I’ve been busily grinding up my sage leaves with fresh parsley (I used up all my own parsley and have been buying big lovely bunches of it on Wednesday and Saturday mornings from the tiny farmstand at The White Hart Inn), lemon zest, garlic, a touch of olive oil (just enough to hold the other ingredients together) and freshly ground pepper and coarse salt. It is utterly delicious on roast meats (add it before or after you cook the meat; obviously, it’s going to have more kick if you eat it raw, and it will be more mellow if you roast it). You can also mix it into a vinaigrette salad dressing or add it to a bowl of hummus. I apologize but I never measure before I mix my gremolata, so I can’t offer you a formal recipe. As a general rule, I use a big fat handful of sage leaves (trim off the stems) and about half as much parsley (or less; you don’t want the parsley to overwhelm the sage). I usually add about four largish garlic cloves, peeled and trimmed; and the rind of one lemon.
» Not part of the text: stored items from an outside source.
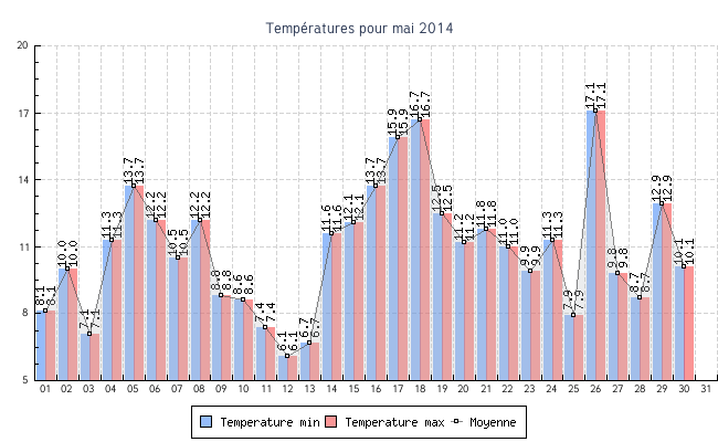 | 13 | 6.7 °C | 6.7 °C | 6.7 °C | 0.0 km/h (0.0 km/h) | N |
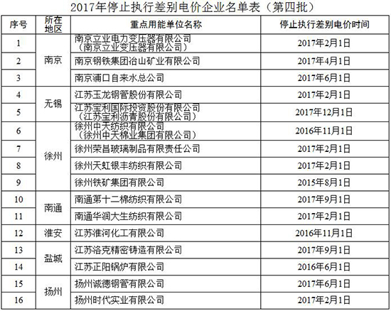 江蘇省決定對部分企業(yè)停止實施差別電價和懲罰性電價
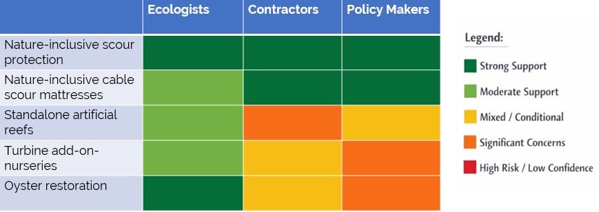 Some of the perceived strengths of Nature-Inclusive designs by contractors during the interactive SWOT analysis were the compatibility with existing scour protection methodologies, and the reduction in amount of time offshore due to combination with existing operations. Conversely, offshore installation costs and programme risk and delays were cited as potential weaknesses of Nature-Inclusive interventions within offshore wind.
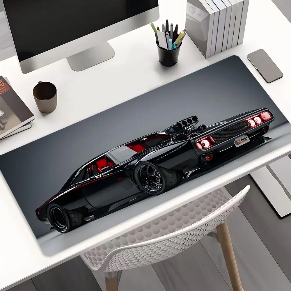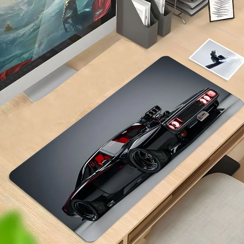 Black-Red Sports Car Style Large Gaming Mouse Pad, Desktop Accessory, Cyber Aesthetic Desktop Decoration Protection Pad, Washable Rubber Non-Slip Lock Edge Multi-Size Mouse Pad For Home Office, For Car Enthusiasts, Family and Friends
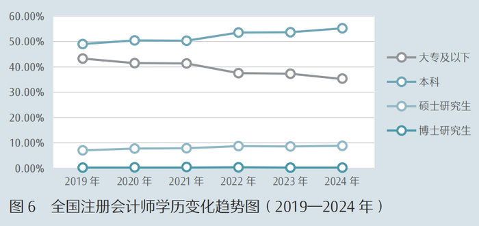 从历年情况来看,本科及以上的注册会计师占比呈上升趋势,大专及以下的注册会计师占比呈下降趋势(详见图6)。
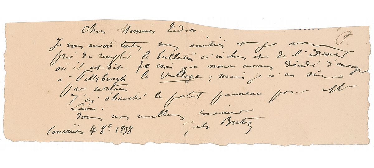 French Realist painter (1827–1906). ALS in French, on a 7.5 x 2.5 clipped slip, August 4, 1898. Letter to Mr. Tedesco. In full (translated): “I send you my very best regards and ask that you kindly fill out the enclosed certificate and mail it to the destination indicated. I believe that we have decided to send the Village to Pittsburgh, but I am not sure. I have sketched a small panel for Mr. Leon.” In fine condition, with a central vertical fold slightly affecting first letter of signature and uneven edges.
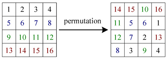 Supposing that one has an input matrix of size which satisfies that each element is unequal, and its corresponding one-dimensional sequence in the raster scanning order is . Letting denote a set , one has . Obviously, after a position permutation, the output matrix corresponding to the input matrix also has the feature that all elements are not equal to each other. According to the assumption of the chosen-plaintext attack in Table 2, one can know both and . Thus, the equivalent secret key can be determined by comparing the elements before and after the permutation.
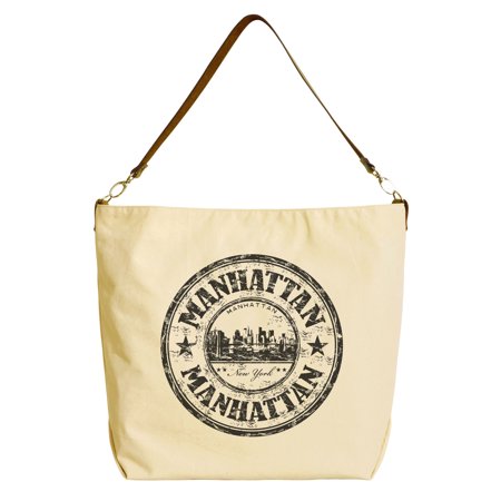 Manhattan, New York Beige Printed Canvas Tote Bag with Leather Strap WAS_29
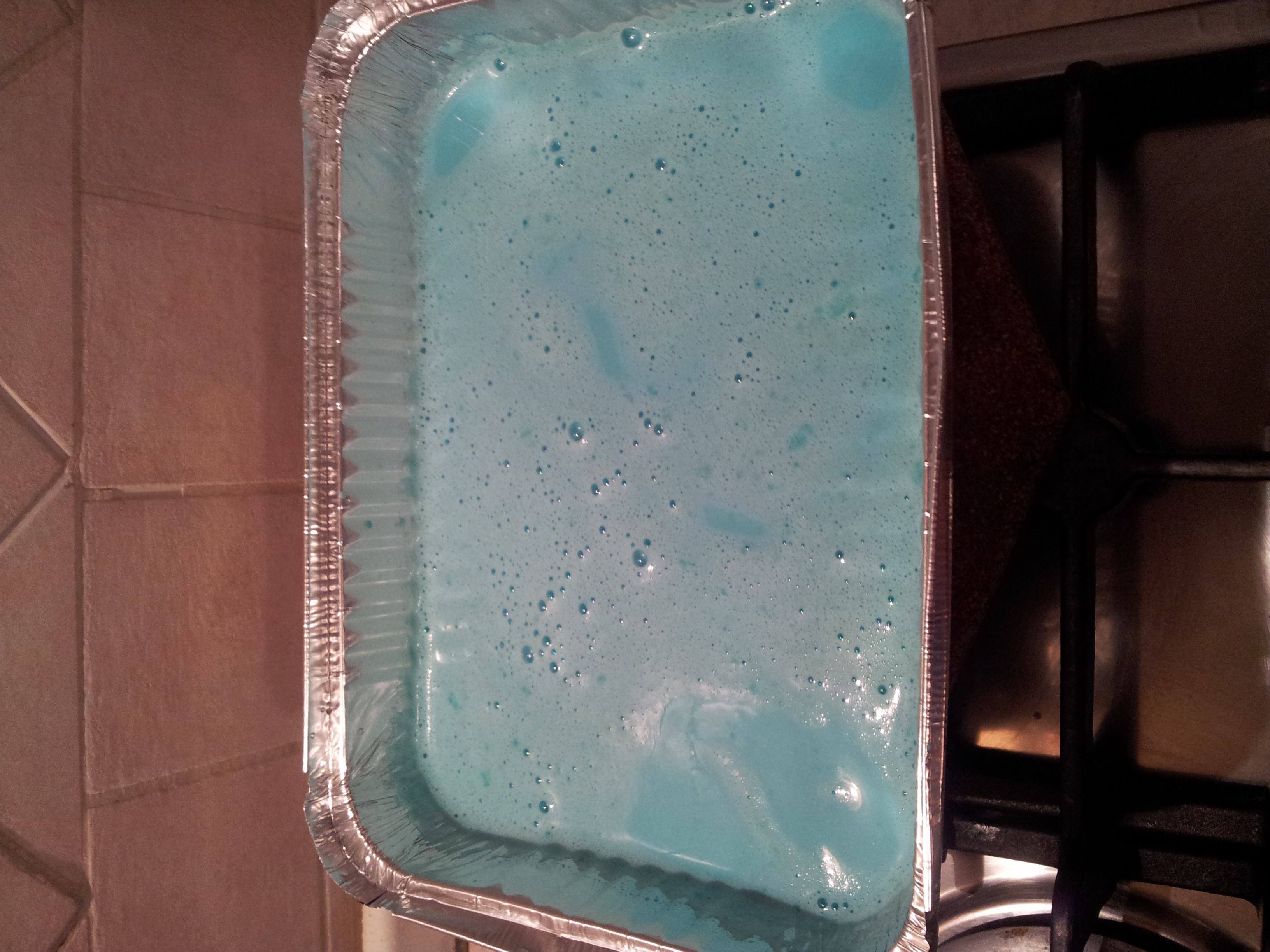 Versare in un contenitore largo e basso e lascia raffreddare, mettere in freezer fino a completo congelamento. Tagliare a pezzi piccoli e farlo mantecare bene 15 sec vel 9 e 20 sec vel 4

A shallot would probably be an excellent addition, if you really like it zesty. After I’ve processed the ingredients into a paste (I don’t like it ground up too fine; it’s nice when you can still see bits of leaf and lemon rind), I squeeze lemon juice over it all, to help keep it a nice light green. And then I pack it into small plastic storage boxes and pop them in the freezer. Some people apparently freeze their pesto in ice cube trays, and then transfer the frozen cubes to freezer bags.